Mak B, Lin HM, Kwan EM, Fettke H, Tran B, Davis ID, Mahon K, Stockler MR, Briscoe K, Marx G, Zhang A, Crumbaker M, Tan W, Huynh K, Meikle TG, Mellett NA, Hoy AJ, Du P, Yu J, Jia S, Joshua AM, Waugh DJ, Butler LM, Kohli M, Meikle PJ, Azad AA, Horvath LG. Combined impact of lipidomic and genetic aberrations on clinical outcomes in metastatic castration-resistant prostate cancer. BMC Med. 2022 Mar 25;20(1):112. doi: 10.1186/s12916-022-02298-0.
Contact: Lisa Butler

Both changes in circulating lipids represented by a validated poor prognostic 3-lipid signature (3LS) and somatic tumour genetic aberrations are individually associated with worse clinical outcomes in men with metastatic castration-resistant prostate cancer (mCRPC). A key question is how the lipid environment and the cancer genome are interrelated in order to exploit this therapeutically.

We assessed the association between the poor prognostic 3-lipid signature (3LS), somatic genetic aberrations and clinical outcomes in mCRPC.
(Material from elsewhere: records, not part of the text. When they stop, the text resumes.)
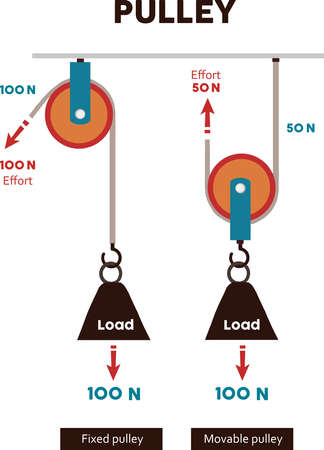 Pulley vector illustration. Labeled mechanical physics explanation scheme.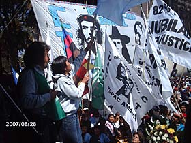 Previo al acto, la marcha conducida por la CTA se detuvo en la Secretaría de Derechos Humanos de la Municipalidad para expresar el repudio contra el ataque sufrido por la familia del dirigente social Carlos “Perro” Santillán, debido a que ayer fue secuestrada su hija y luego liberada sin que se haya esclarecido el hecho.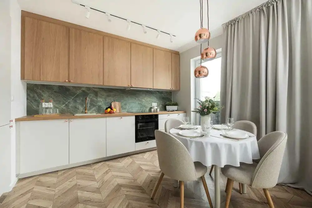 - Przemyślany układ: salon połączony z dużą kuchnią i dwie sypialnie.

It was conlcuded that elevated circulating sphingolipids were associated with AR, TP53, RB1, PI3K and AVPC aberrations in mCRPC, and the combination of lipid and genetic abnormalities conferred a worse prognosis.

These findings suggest that certain genotypes in mCRPC may benefit from metabolic therapies.